BACKGROUND: A fall in FEV(1) of > or =10% following bronchoprovocation (eucapnic voluntary hyperventilation (EVH) or exercise) is regarded as the gold standard criterion for diagnosing exercise induced asthma (EIA) in athletes. Previous studies have suggested that mid-expiratory flow (FEF(50)) might be used to supplement FEV(1) to improve the sensitivity and specificity of the diagnosis. A study was undertaken to investigate the response of FEF(50) following EVH or exercise challenges in elite athletes as an adjunct to FEV(1). METHODS: Sixty six male (36 asthmatic, 30 non-asthmatic) and 50 female (24 asthmatic, 26 non-asthmatic) elite athletes volunteered for the study. Maximal voluntary flow-volume loops were measured before and 3, 5, 10, and 15 minutes after stopping EVH or exercise. A fall in FEV(1) of > or =10% and a fall in FEF(50) of > or =26% were used as the cut off criteria for identification of EIA. RESULTS: There was a strong correlation between DeltaFEV(1) and DeltaFEF(50) following bronchoprovocation (r = 0.94, p = 0.000). Sixty athletes had a fall in FEV(1) of > or =10% leading to the diagnosis of EIA. Using the FEF(50) criterion alone led to 21 (35%) of these asthmatic athletes receiving a false negative diagnosis. The lowest fall in FEF(50) in an athlete with a > or =10% fall in FEV(1) was 14.3%. Reducing the FEF(50) criteria to > or =14% led to 13 athletes receiving a false positive diagnosis. Only one athlete had a fall in FEF(50) of > or =26% in the absence of a fall in FEV(1) of > or =10% (DeltaFEV(1) = 8.9%). CONCLUSION: The inclusion of FEF(50) in the diagnosis of EIA in elite athletes reduces the sensitivity and does not enhance the sensitivity or specificity of the diagnosis. The use of FEF(50) alone is insufficiently sensitive to diagnose EIA reliably in elite athletes.     

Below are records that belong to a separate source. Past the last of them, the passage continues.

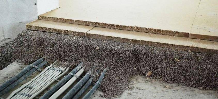 Это даёт возможность скреплённым листам «плавать» на засыпке округлой формы в пределах площади, ограниченной стенами помещения. Трубы, кабели, цементные или гипсовые «лепёхи» на основании мешать не должны.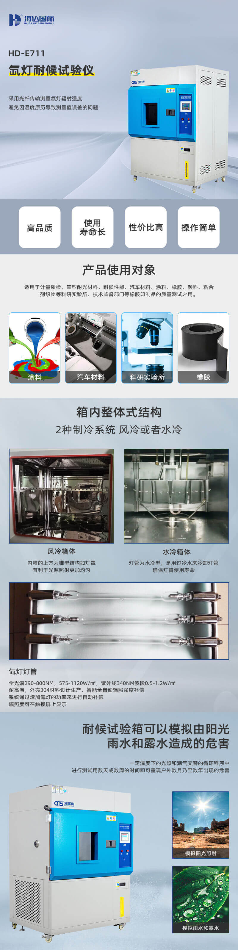 氙燈老化試驗箱模擬全陽光光譜的氙弧燈再現不同環境下存在的破壞性光波,SN型氙燈耐氣侯試驗箱可用于新材料的選擇、改變現有材料或評估材料組成變化后耐用性的變化試驗,可以很好的模擬在不同環境條件下,材料暴露在陽光下所產生的變化。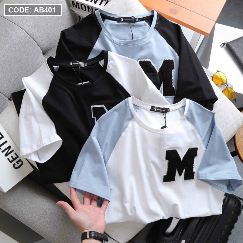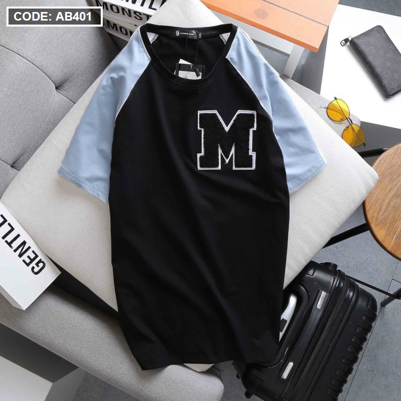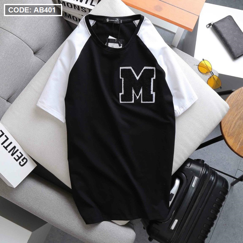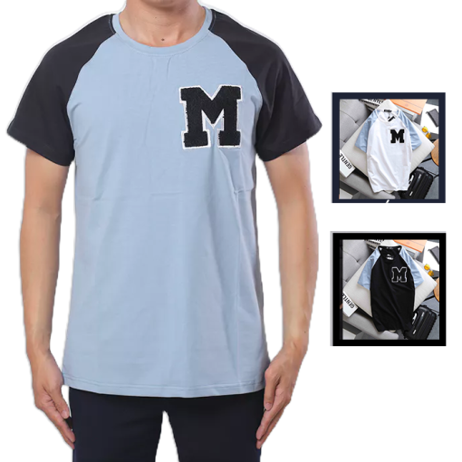 Áo Thun Nam Cổ Tròn Thun Cotton Quảng Châu Thêu Đắp Nổi Chữ M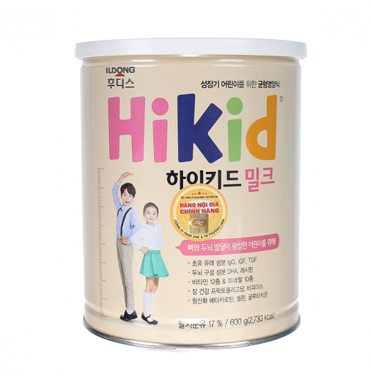 Sữa bột HIKID 600g là sản phẩm dinh dưỡng đến từ tập đoàn Ildong Food'is Hàn Quốc với đặc điểm tập trung chủ yếu vào việc tăng chiều cao cho bé. Hikid mang đến bữa ăn dinh dưỡng cân bằng hỗ trợ trẻ phát triển cao lớn và khỏe mạnh. Thành phần sữa không chỉ cung cấp đầy đủ 5 dưỡng chất chính cần thiết cho sự tăng trưởng đồng đều của trẻ mà còn tăng cường hơn 60 dinh dưỡng tốt cho sự phát triển khỏe mạnh của bé về miễn dịch, tiêu hóa và phát triển trí não. Sản phẩm dùng cho trẻ từ 1 - 9 tuổi, có hương vị vani thơm ngon, dễ uống, kích thích vị giác bé yêu.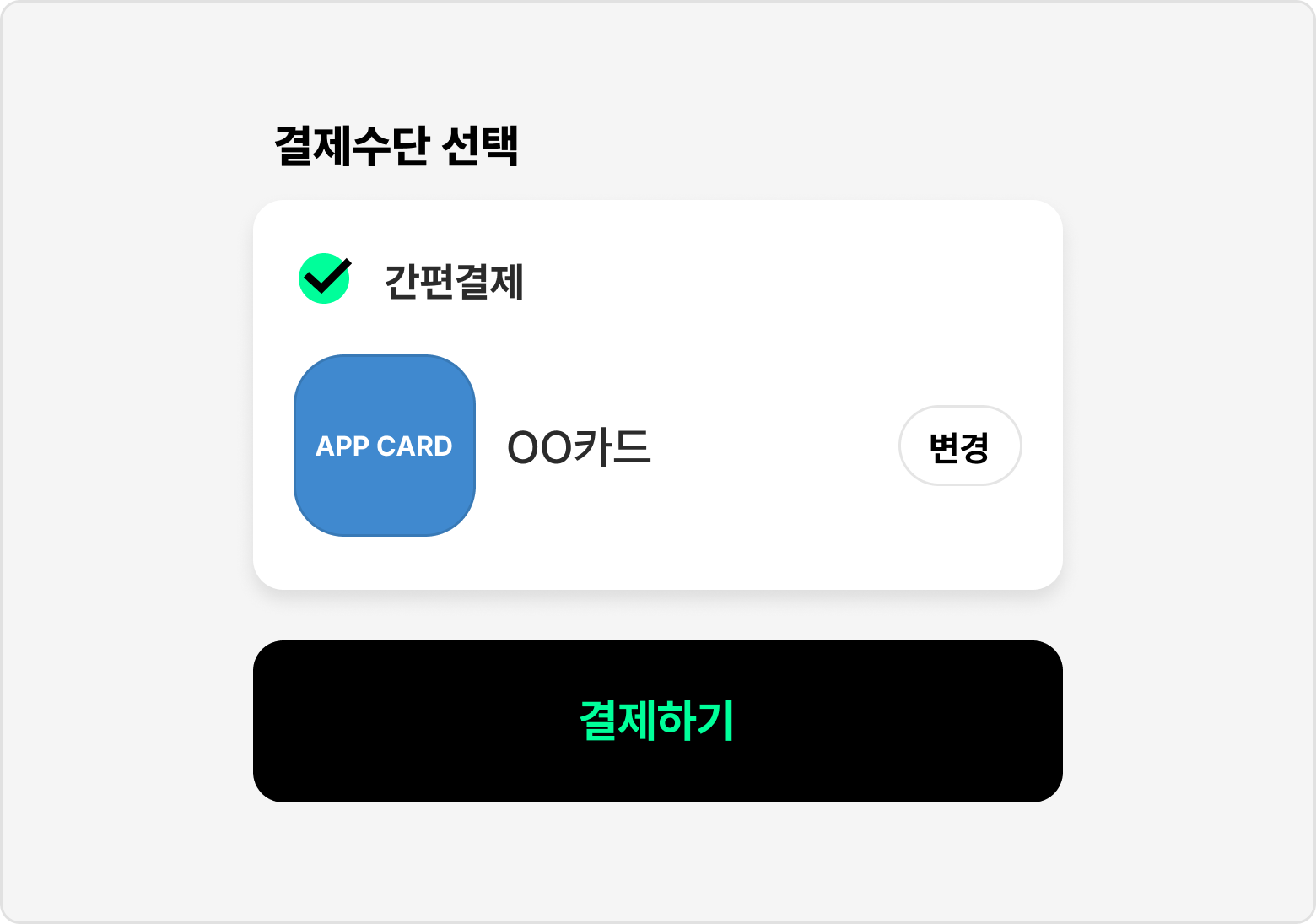 앱 카드가 미리 등록되어 있는 경우 바로 결제가 가능합니다.

Effects of inhaled tumour necrosis factor alpha in subjects with mild asthma

BACKGROUND: Inhaled tumour necrosis factor alpha (TNF alpha) has previously been shown to induce airway neutrophilia and increased airway reactivity in normal subjects. It was hypothesised that a similar challenge would increase airway reactivity in those with mild asthma, but that the inflammatory profile may differ. METHODS: Ten mild asthmatic subjects were recruited on the basis of clinical asthma and either a sensitivity to methacholine within the range defined for asthma or a 20% improvement in forced expiratory volume (FEV(1)) after 200 micro g salbutamol. Subjects inhaled either vehicle control or 60 ng recombinant human (rh)TNF alpha and were studied at baseline, 6, 24, and 48 hours later. Variables included spirometric parameters, methacholine provocative concentration causing a 20% fall in FEV(1) (PC(20)), induced sputum differential cell count, relative sputum level of mRNA of interleukins (IL)-4, IL-5, IL-9, IL-14, IL-15 and TNF alpha, and the exhaled gaseous markers of inflammation, nitric oxide and carbon monoxide. RESULTS: PC(20) showed an increase in sensitivity after TNF alpha compared with control (p<0.01). The mean percentage of neutrophils increased at 24-48 hours (24 hour control: 1.1 (95% CI 0.4 to 2.7) v 9.2 (95% CI 3.5 to 14.9), p<0.05), and there was also a rise in eosinophils (p=0.05). Relative levels of sputum mRNA suggested a rise in expression of TNF alpha, IL-14, and IL-15, but no change in IL-4 and IL-5. Spirometric parameters and exhaled gases showed no significant change. CONCLUSION: The increase in airway responsiveness and sputum inflammatory cell influx in response to rhTNF alpha indicates that TNF alpha may contribute to the airway inflammation that characterises asthma.